Summary
Highlights
Fibonacci retracements use horizontal lines based on Fibonacci numbers as support and resistance levels. Traders identify a swing low and swing high, then drag the tool to these points. Price often pulls back to the 0.382 level, offering a potential buy entry. Combining with other signals is recommended.
Breakout patterns occur when price makes a sudden, significant movement after a consolidation period. Traders use patterns like wedges, triangles, and rectangles to predict these breakouts. An example shows price consolidating, then breaking sharply downwards.
Reversal patterns indicate a change in the current trend. Notable patterns include double tops and bottoms, triple tops and bottoms, head and shoulders, and cups and handles. Identifying these patterns helps traders predict when a trend might reverse.
The Elliot Wave theory suggests markets move in a series of five waves, followed by corrective waves in the opposite direction (ABC). Specific rules govern wave validity: wave 2 cannot be longer than wave 1 (usually pulls back to 0.618 Fibonacci), wave 3 must be the longest, and wave 4 must stay above wave 1's peak (usually pulls back to 0.382 Fibonacci). This theory helps predict price direction.
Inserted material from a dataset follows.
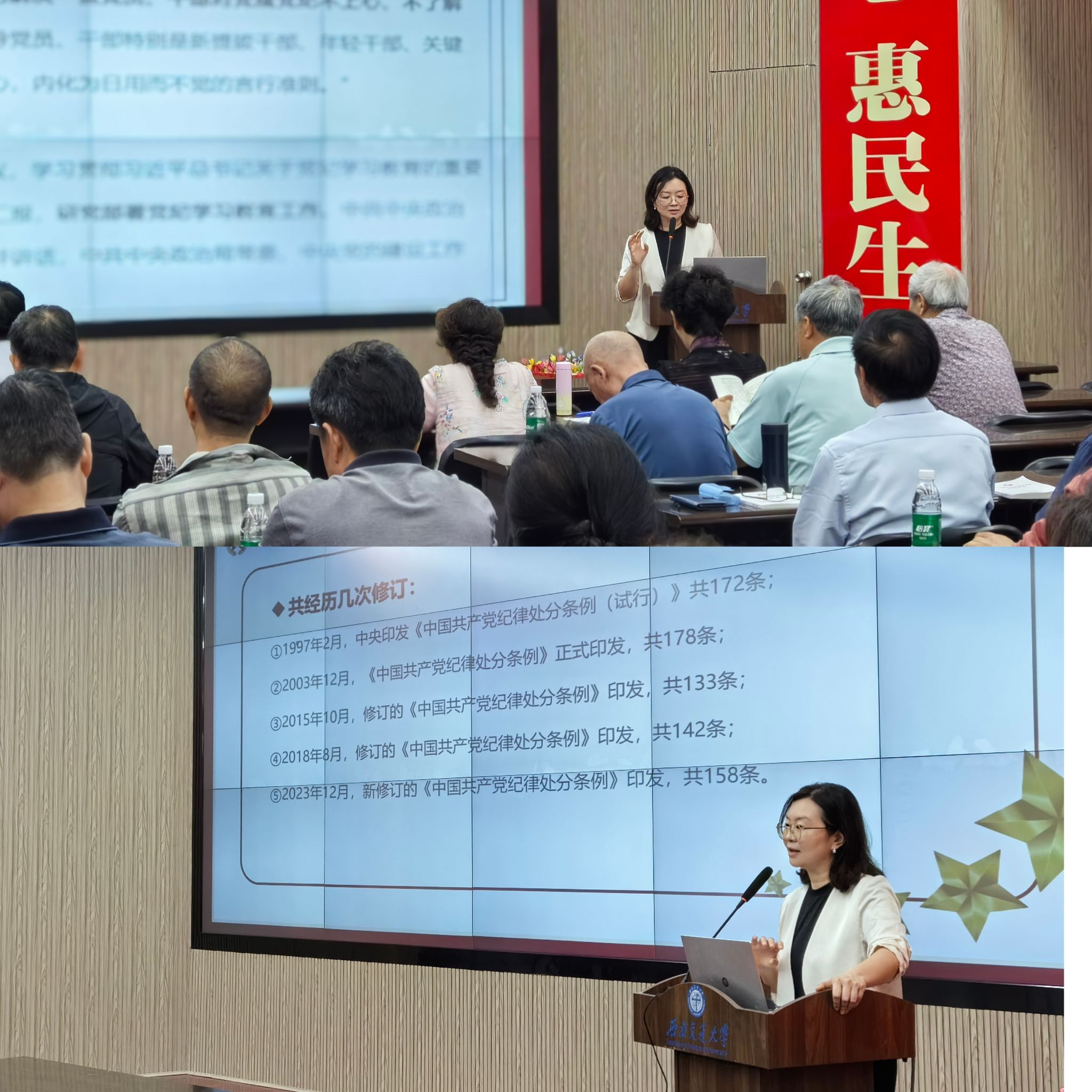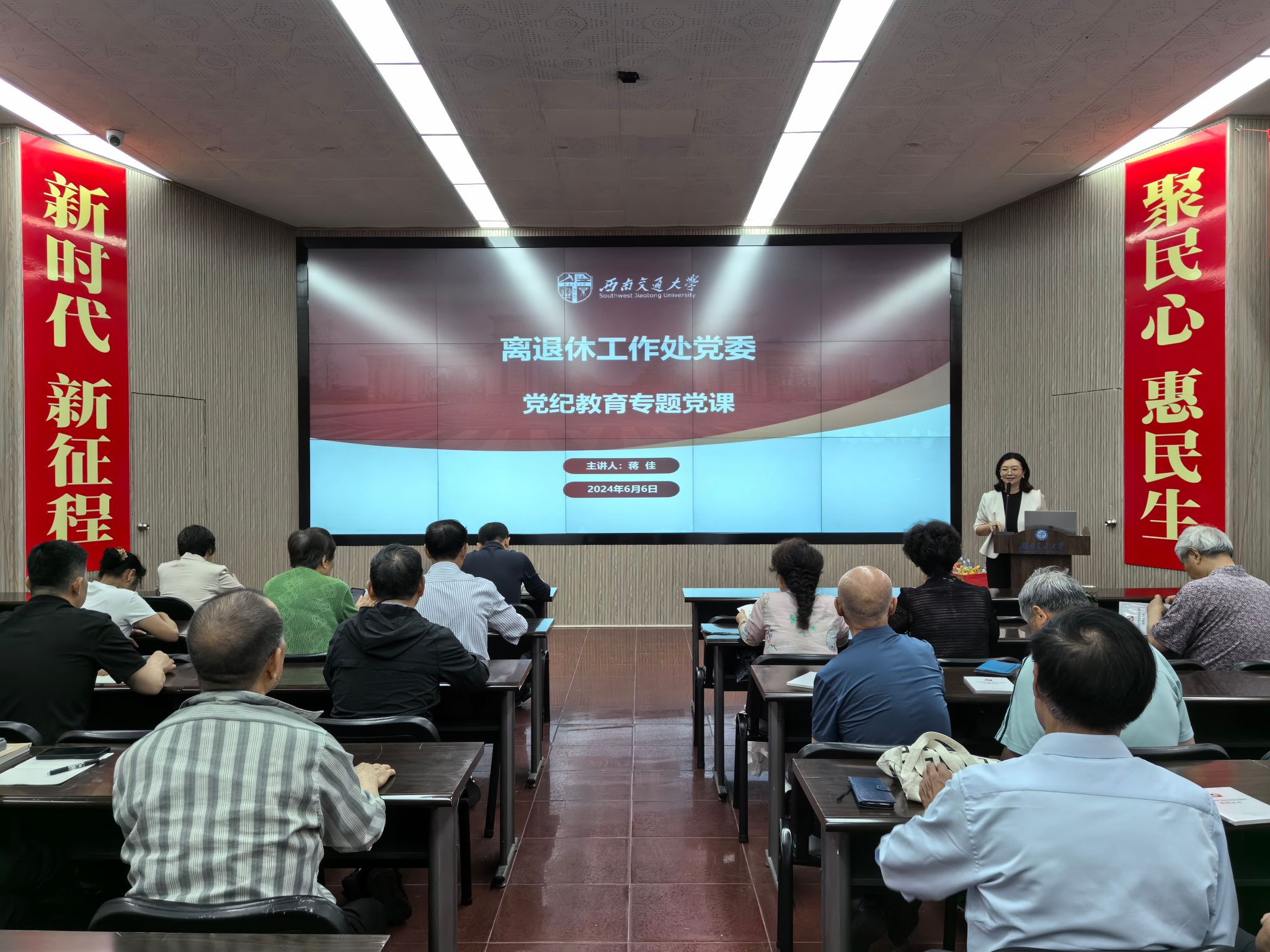 为深入学习贯彻习近平总书记关于党纪学习教育的重要讲话和重要指示精神,推动党纪学习教育走深走实,引导党员干部做到学纪、知纪、明纪、守纪。2024年6月6日上午,离退处党委组织开展党纪学习教育专题党课,学习解读《中国共产党纪律处分条例》。处领导班子成员、党委委员、纪委委员、各退休党支部书记及党员代表、在职党支部全体党员同志参加了专题党课。

Fair value gaps form when a candle makes a significant gap due to buying or selling imbalance. Traders find a large-bodied candle, then draw a rectangle between the wicks of the previous and next candles to identify this gap. These gaps act as potential price magnets that price may revisit.
Candlestick patterns are used to analyze future price movements based on specific candle shapes. Engulfing patterns signal strong momentum. Hammer and shooting star patterns indicate rejection with long wicks. Doji patterns signal market neutrality.
Heikin Ashi is an indicator that replaces traditional candlestick charts, reducing noise. Green candles indicate an uptrend, red candles a downtrend. The candle body size reflects trend strength. It's an indicator and doesn't show real market prices.
Moon phases are a concept that uses moon cycles to time the market, believing they correlate with human emotions and market behavior. New moons are thought to be bullish, full moons bearish, serving as a confirmation tool.
Renko charts replace traditional candlesticks with blocks based on price changes, not time. For instance, a block might form for every 1% price change. Green blocks indicate an uptrend, red blocks a downtrend. Renko charts filter noise and identify trends but don't display real market prices.
Harmonic patterns are advanced price patterns based on Fibonacci numbers, used to predict future price movements. An example is the bullish bat pattern, shaped like an 'M' with four specific movements (X, A, B, C, D) and precise Fibonacci ratio guidelines for each point. Traders apply these patterns to charts to identify potential positions.
Support and resistance are horizontal key levels where price has bounced off historically. Support (below current price) offers potential buy positions, while resistance (above current price) offers potential sell positions. Dynamic support and resistance use indicators like moving averages instead of static lines.
Trend lines are diagonal key levels that form during a trend. Upwards trend lines indicate bullish markets, downwards indicate bearish. They can be used to identify overall direction and potential entry points when price retraces to the line.
Gann angles display multiple lines at different angles, acting as key levels and measuring trend strength. Steeper angles indicate strong trends, shallower angles weak trends. Applying them involves setting price to bar ratio, identifying a market range, drawing a vertical line, and then using the trend angle and Gann fan tools at specific angles (e.g., 45 degrees).
Momentum indicators measure trend direction and strength, effective in trending markets. Examples include MACD (crossovers indicate bullish/bearish trends), Moving Averages (price above/below signals trends), Parabolic SAR (dots below/above price indicate trends), and Super Trend (green/red signals indicate trends).
Oscillators display the relative strength of a price, most effective in choppy or sideways markets. Notable oscillators are RSI (oversold/overbought regions signal reversals) and Stochastic (lines in oversold/overbought regions or crossovers signal reversals).
Divergences occur when an indicator gives an opposite signal to the actual price movement, often signaling a trend reversal. They can be found in MACD, Stochastic, and RSI. A bullish divergence (price lower lows, indicator higher lows) suggests an uptrend, while a bearish divergence (price higher highs, indicator lower highs) suggests a downtrend.
Volume indicators show the strength behind price movements by tracking trading volume. Examples include Price Volume (bar length indicates volume), Volume Weighted Average Price (ratio of price to volume, acts like moving average), and Volume Profiles (horizontal bars show volume at price levels as key entries).
Supply and demand zones (order blocks) are areas of significant past price movements. A strong upward movement creates a demand zone, while a strong downward movement creates a supply zone. These zones act as key levels for potential entry positions, similar to support and resistance.
Market structure involves analyzing the market's behavior and flow. An uptrend forms higher highs and higher lows, while a downtrend forms lower highs and lower lows. A 'break of structure' occurs when price surpasses a previous peak in a trend, indicating trend continuation. A 'change of character' occurs when price breaks the previous structure in the opposite direction, signaling a potential trend reversal.